_What you need to do_
Write every line below out again exactly, images omitted.

_Data block_
━━━━━━━━━━━━━━━━━━━━━━━━━━━━━━

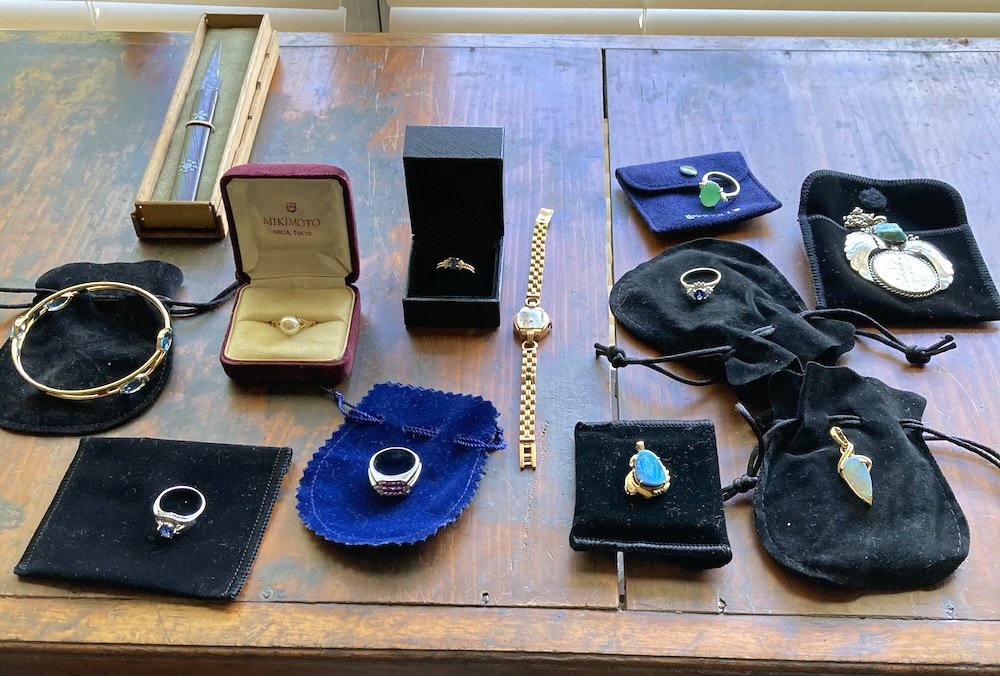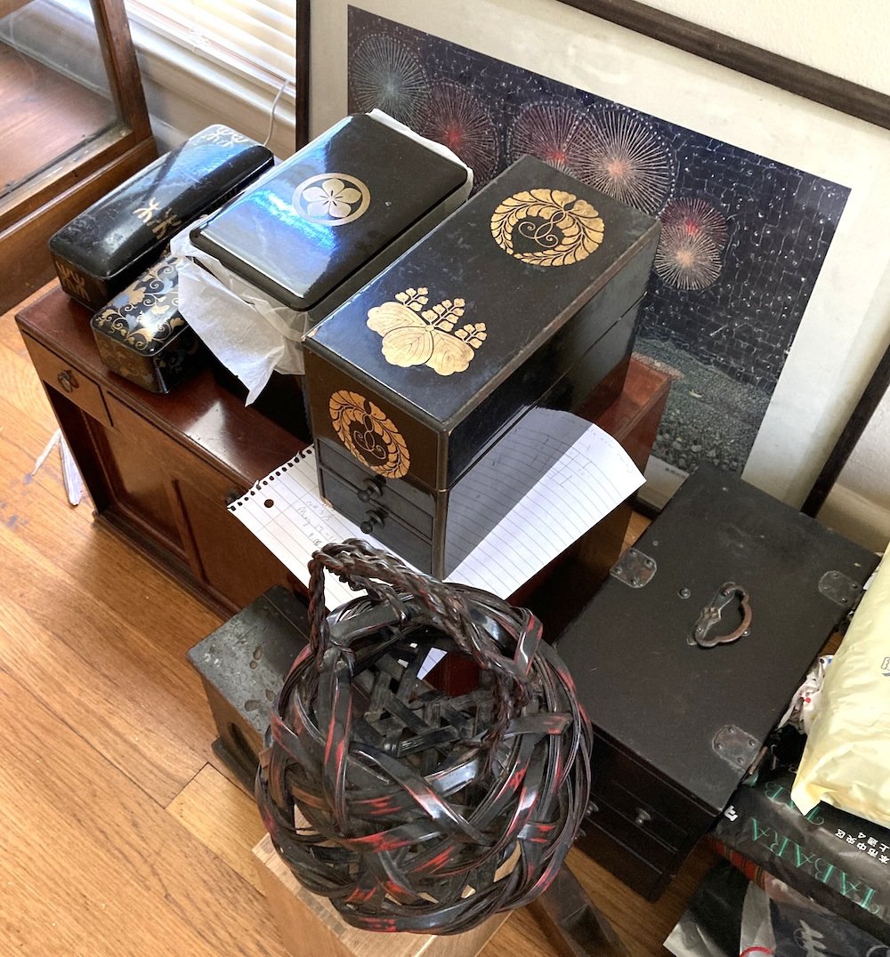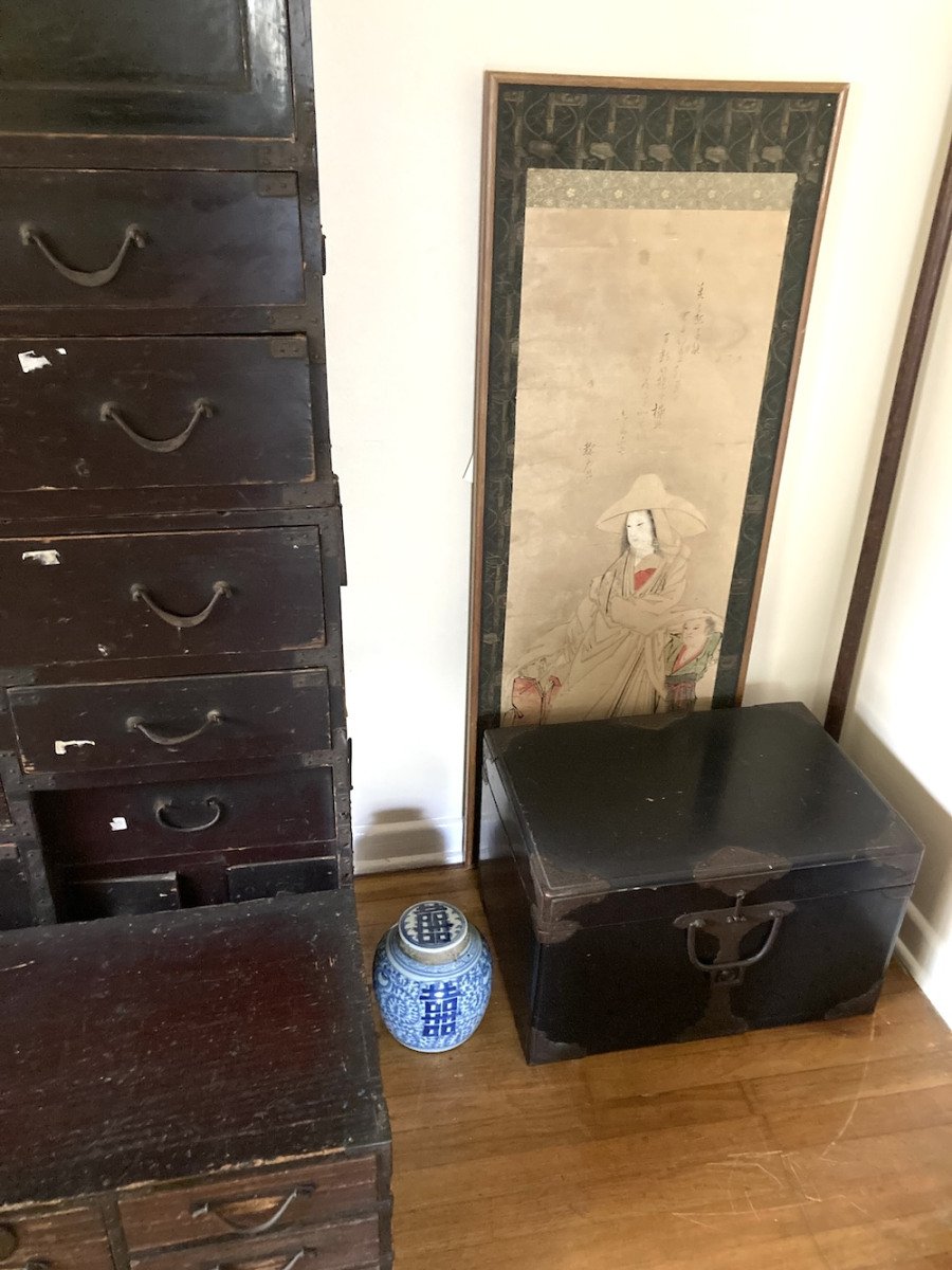 The collection consists of various Chinese and Japanese antiques such as a Qing dynasty incense burner, a Yoroi (Japanese samurai armor box) an old Japanese painting from around the 1840s, various lacquered Japanese boxes from the Edo and Meiji periods, as well as Jewelry with precious and semi precious stones.
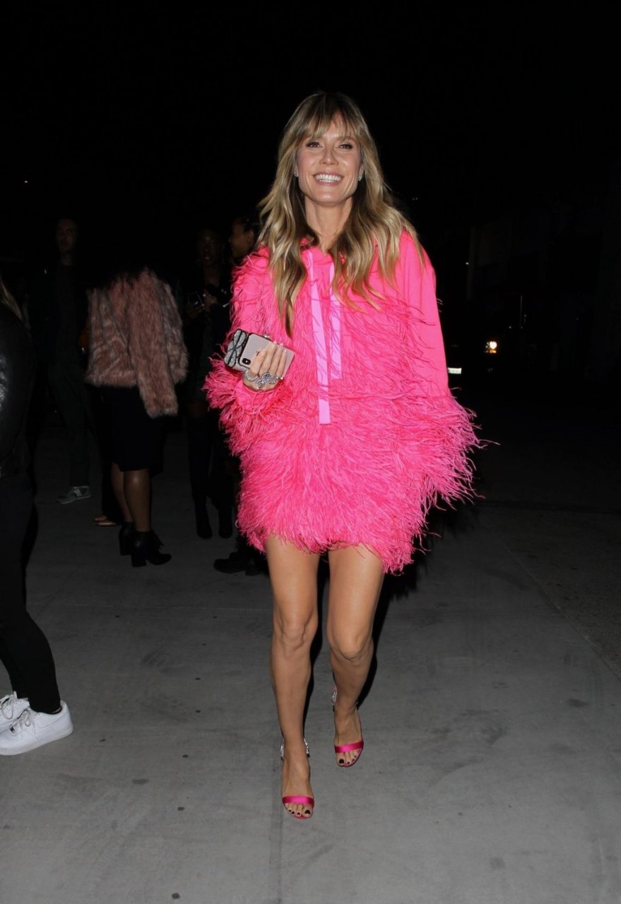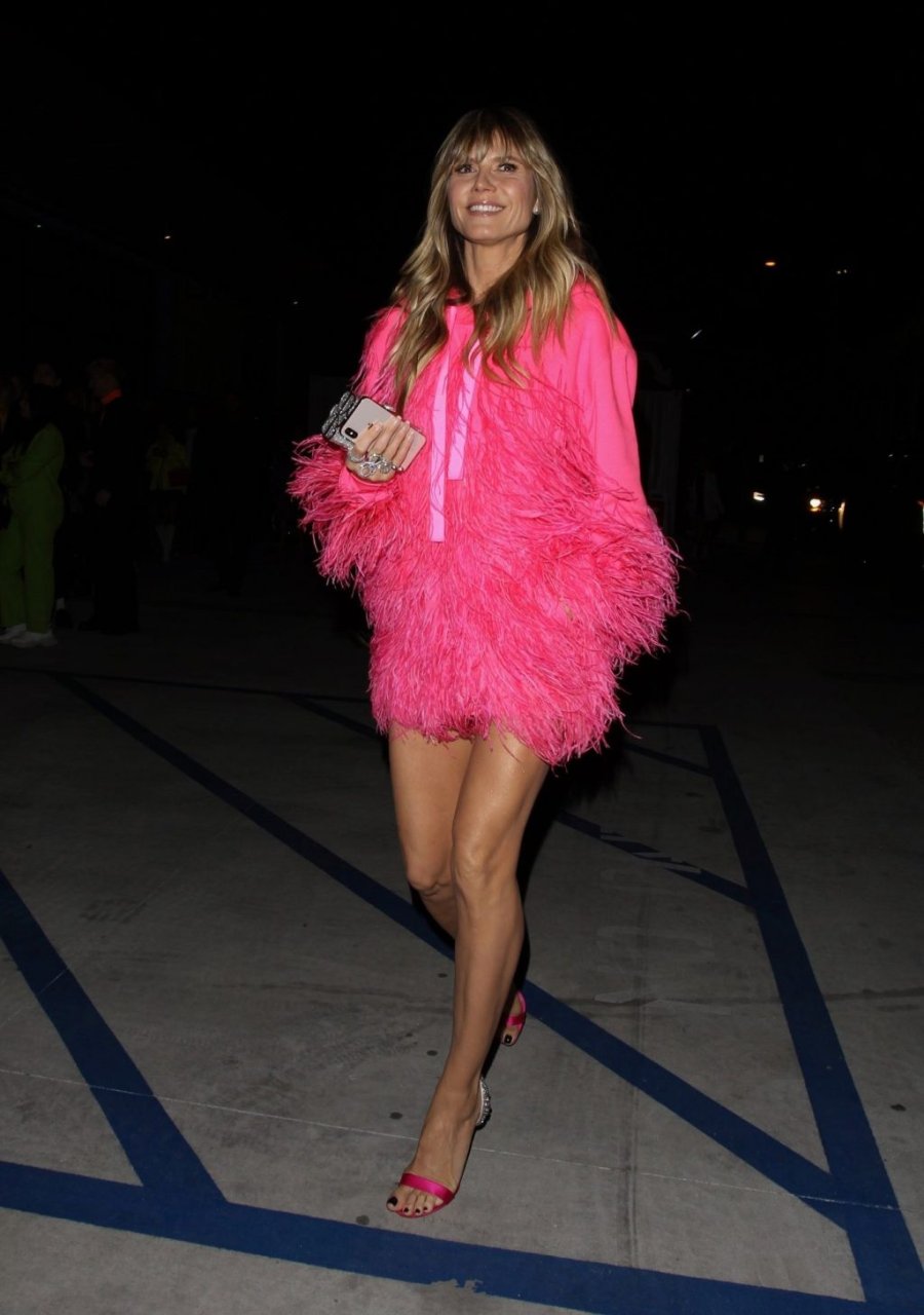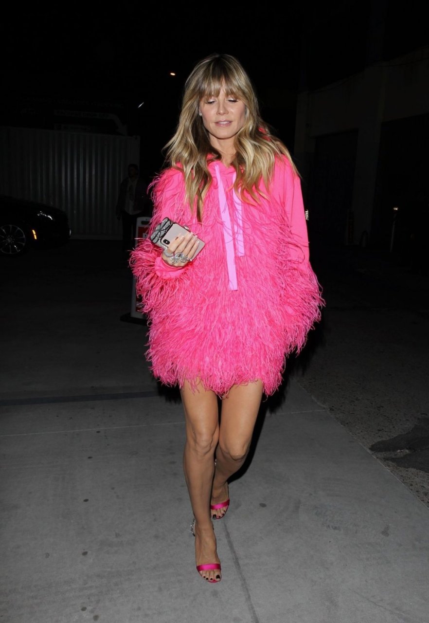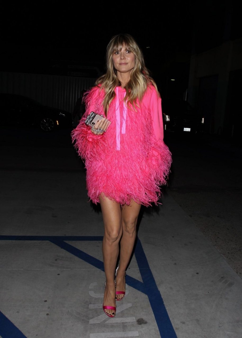 Heidi Klum a été vue quittant l’événement “Les Supers Nanas” à DTLA, jolie dans un sweat à capuche rose duveteux et des talons.
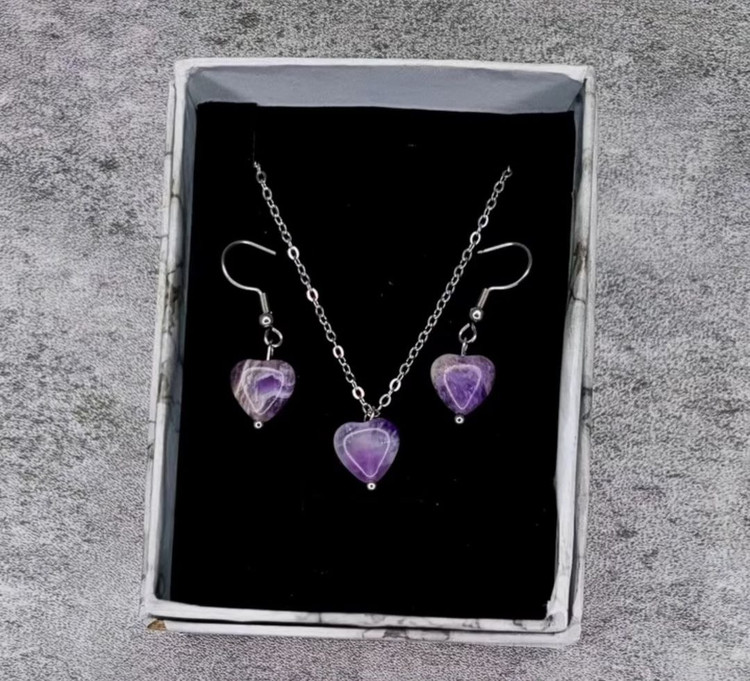 با نیمست آمیتیست، زیبایی و انرژی معنوی را همزمان تجربه کنید. این ست شامل یک گردنبند و یک جفت گوشواره است که هرکدام با سنگی از آمیتیست طبیعی به شکل قلب تزیین شدهاند؛ سنگی افسانهای با رنگ بنفش خاص و درخشان که از دیرباز نماد آرامش، تمرکز ذهنی و پاکسازی انرژیهای منفی بوده است.
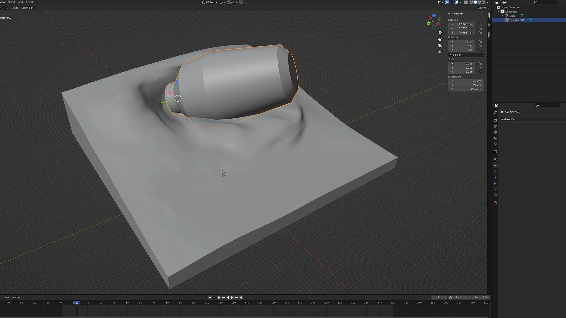 The diorama base was sculpted using Blender to create a simple, sloped design that mimics a desert landscape. To ensure a precise fit for the Escape Pod, measurements were taken with a digital caliper, and a mockup of the pod was created in Blender. The pod’s shape was subtracted from the base to form a perfect slot. A hole was added through the pod and base to accommodate a small magnet, securing the pod in place.

━━━━━━━━━━━━━━━━━━━━━━━━━━━━━━

_Result of this exercise_
 The collection consists of various Chinese and Japanese antiques such as a Qing dynasty incense burner, a Yoroi (Japanese samurai armor box) an old Japanese painting from around the 1840s, various lacquered Japanese boxes from the Edo and Meiji periods, as well as Jewelry with precious and semi precious stones.
 Heidi Klum a été vue quittant l’événement “Les Supers Nanas” à DTLA, jolie dans un sweat à capuche rose duveteux et des talons.
 با نیمست آمیتیست، زیبایی و انرژی معنوی را همزمان تجربه کنید. این ست شامل یک گردنبند و یک جفت گوشواره است که هرکدام با سنگی از آمیتیست طبیعی به شکل قلب تزیین شدهاند؛ سنگی افسانهای با رنگ بنفش خاص و درخشان که از دیرباز نماد آرامش، تمرکز ذهنی و پاکسازی انرژیهای منفی بوده است.
 The diorama base was sculpted using Blender to create a simple, sloped design that mimics a desert landscape. To ensure a precise fit for the Escape Pod, measurements were taken with a digital caliper, and a mockup of the pod was created in Blender. The pod’s shape was subtracted from the base to form a perfect slot. A hole was added through the pod and base to accommodate a small magnet, securing the pod in place.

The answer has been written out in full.